Проснулась Элис лишь на следующее утро. После обеда ее навестили Джим и дети, и Элис едва удержалась, чтобы не рассказать им о том, что во сне она видела Джонни и даже разговаривала с ним. Она долго боролась с собой, но, в конце концов, почему-то решила промолчать. Ей не хотелось пугать мужа и детей, которые могли подумать, что она помешалась от горя. До поры до времени, решила она, не стоит упоминать ни о чем подобном, тем более что Джим вряд ли ей поверит, а Бобби, как она и раньше подозревала, боялся призраков и привидений.

Через некоторое время они ушли. Джиму нужно было вернуться на работу, а Шарли собиралась на тренировку, и Элис осталась одна, но ненадолго. Начался дневной обход, и врач, осмотрев ее, остался очень доволен, сказав, что если так пойдет и дальше, то уже завтра ее выпишут домой. Ближе к вечеру навестить Элис приехала Памела, и они немного поговорили.
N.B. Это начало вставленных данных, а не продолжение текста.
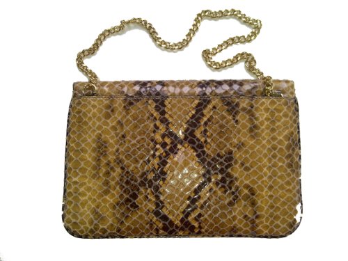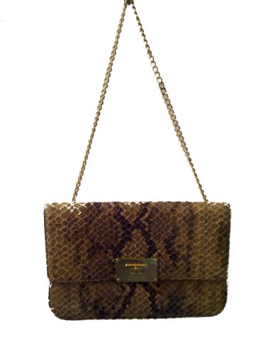 Wrapped in multi-tone brown tone python embossed glazed leather with gold tone hardware. The MK color code is 'sand'. It secures with a turn-lock closure engraved with Michael Kors logo. The lined interior features a zippered pocket, an open slip pocket and 6 card slots. There's an open slip pocket on the back. It has a gold tone chain strap with a generous 11.5" drop. So you can wear it on your shoulder, carry by the strap, or tuck the strap inside to use it as a clutch. It measures approximately 10.5" (L) x 7" (H) x 1" (W).Feature

Потом ей позвонил Джим, и она попросила его не приезжать, а остаться дома с детьми.

Вечером Элис быстро уснула и во сне снова увидела Джонни. От одного его вида ей стало так хорошо и легко на душе, что она готова была проспать всю оставшуюся жизнь, лишь бы не разлучаться с ним. Как и в прошлый раз, Джонни выглядел счастливым и довольным, и они долго разговаривали о множестве разных вещей — о Бекки, о школе, о лесопилке, где он когда-то работал, о том, почему отец так много пьет. Они оба знали, что Джим начал пить пять лет назад — после автомобильной аварии, в которой он и Бобби едва не погибли, но теперь Джонни сказал, что прошло уже слишком много времени, и он должен остановиться.
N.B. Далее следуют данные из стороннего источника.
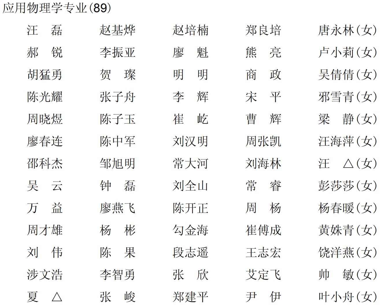 2001 级(2001~2005)物理科学与技术学院

И снова его слова прозвучали по-взрослому рассудительно и мудро, но Элис, хотя и была вполне согласна с сыном, с сомнением покачала головой.

— Это легче сказать, чем сделать, — проговорила она. — Мне тоже не нравится, что Джим каждый вечер пьет, но и ты должен понять: он чувствует себя виноватым перед всеми нами, и в первую очередь — перед Бобби. И избавиться от груза вины он сможет, только если твой брат снова заговорит.

— Бобби заговорит, когда будет к этому готов, — ответил Джонни. — И это может случиться довольно скоро. Тогда уж у папы не будет «уважительной» причины каждый день закладывать за воротничок.

— Откуда ты знаешь, что Бобби заговорит? — удивилась Элис. Сама она на это уже не надеялась. В свое время они с Джимом сделали все, что возможно, чтобы к Бобби вернулась речь. Они возили его по больницам, показывали врачам, но все их усилия ни к чему не привели. «Случай чрезвычайно сложный», — сказал ей известный врач-логопед, и с тех пор Элис считала, что ее младший сын навсегда останется немым, если только не произойдет чуда.

А в чудеса она давно не верила.

— Знаю. Сама увидишь, — коротко ответил Джонни, явно не желая пускаться в объяснения.

— Но откуда? Тебе это сообщили там, наверху!.. — Элис с улыбкой показала пальцем куда-то вверх. — Или ты просто пытаешься меня подбодрить?

Самой ей этот вопрос вовсе не казался странным. Элис было очень приятно и радостно видеть Джонни, но она помнила, что это только сон, и вела себя соответственно. В конце концов, только во сне человек обретает подлинную свободу и может поступать так, как не решился бы наяву.

— И то, и другое — серьезно ответил Джонни. — Собственно говоря, никто мне ничего не сообщал, просто я это знаю, чувствую… вот здесь. — Он положил ладонь на левую сторону груди. — Я и сейчас слышу, как Бобби говорит в моей голове. И всегда слышал.